My walk through all those
halls was long enough that
I had time to think not
only of women’s torment
by the Taliban but of the
thousands killed now by
our retaliatory bombing
there—women, like us,
their children, their old
ones, and men. And I had
time to think of women in
the West Bank,
Palestinian women with
no shoes at all, terrified
Israeli women, Pakistani
women, and the women of
India, who might or might
not be annihilated at any
moment by their leaders’ arrogance or
ignorance. I clattered for them also. I
clattered for the women and the babies
of Iraq, for the women and the babies
everywhere.
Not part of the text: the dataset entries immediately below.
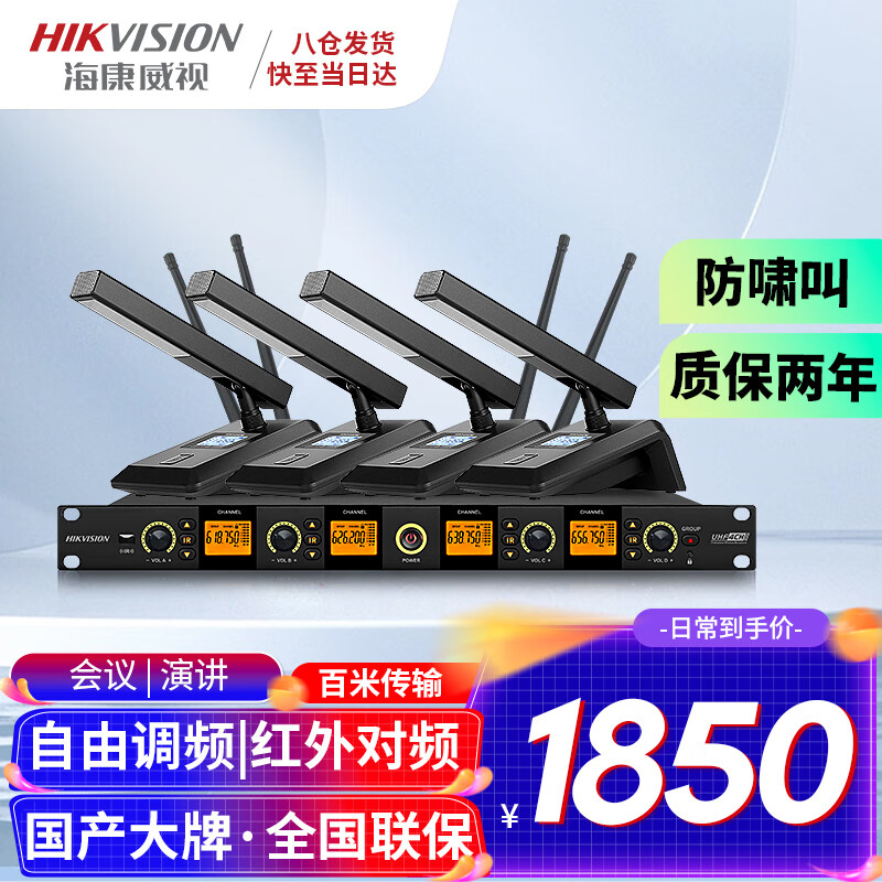 海康威视会议一拖四无线麦克风桌面短杆方管话筒主席台UHF高保真抗干扰自动对频不串台防啸叫演讲培训广播价格:1850.00元!
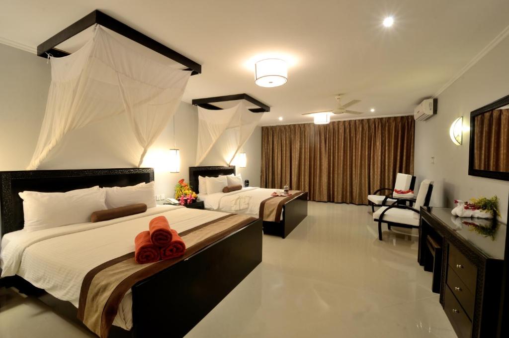 92 camere, in buona parte recentemente rinnovate, tutte dotate di aria condizionata, ventilatore a soffitto, telefono, cassetta di sicurezza, bollitore per tè e caffè, ferro da stiro, minifrigo (2 bottiglie di acqua incluse al giorno), Wi-Fi, asciugacapelli, adattatori elettrici, balcone o veranda attrezzata con sedie e tavolino.
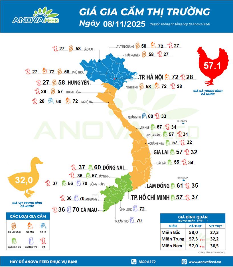 - Miền Trung tại Thanh Hóa, Nghệ An và Quảng Ngãi về giá 48.000 đồng/kg; Hà Tĩnh và Gia Lai hạ còn 47.000 đồng/kg.
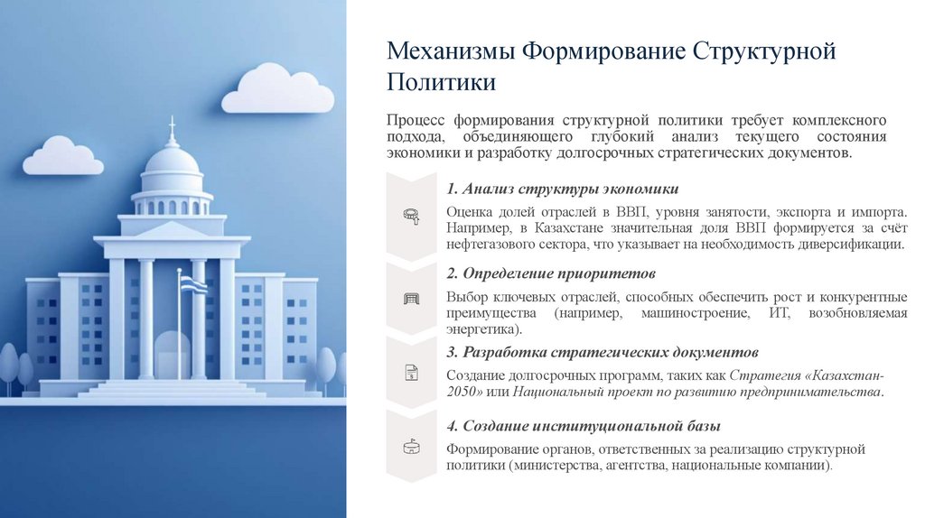 Механизмы Реализации Структурной ПолитикиДля воплощения целей структурной политики государство применяет комплекс экономических, административных и
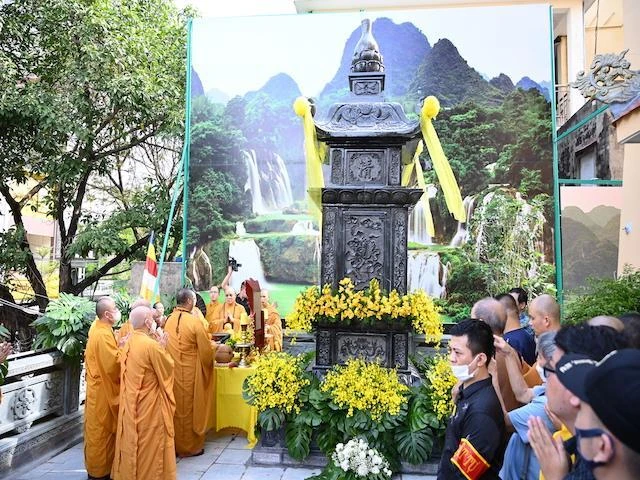 Tại đây, chư tôn đức đã cử hành nghi thức nhập bảo tháp linh cốt cố Đại lão Hòa thượng Thích Trí Hải và tổ chức lễ cúng dường chư Phật, chư Tổ, cung tiến Giác linh cố Đại lão Hòa thượng Thích Trí Hải trong không khí trang nghiêm, thành kính.

It was a fearsome sound.
These days it sometimes feels as if
stomping our feet is all we can do—but
you know, even that can be a
sacrament, a first step, as it were; any
crazy act of solidarity with sisters
halfway round the world (or halfway
round the room) can be a prayer, if
you’re mindful, if you’re artful, if
you’re doing it on purpose. Once you
realize that walking in loud shoes (or in
any shoes at all, or simply walking,
safely, as many of us do every single
day) is a privilege and luxury, then the
burden is upon you. The burden of
response, of giving back and taking
risks for what is right, the burden of
courage and clear speaking and clear
thinking, the burden of gratitude and
compassion, is on you, and one thing
leads to something else.
by Victoria Safford, minister of the
White Bear Unitarian Universalist
Church in Mahtomedi, Minnesota, from
her 2003 meditation manual, Walking
Toward Morning. Published by Skinner
House, this book is available from the CLF library or
(617) 948-6150.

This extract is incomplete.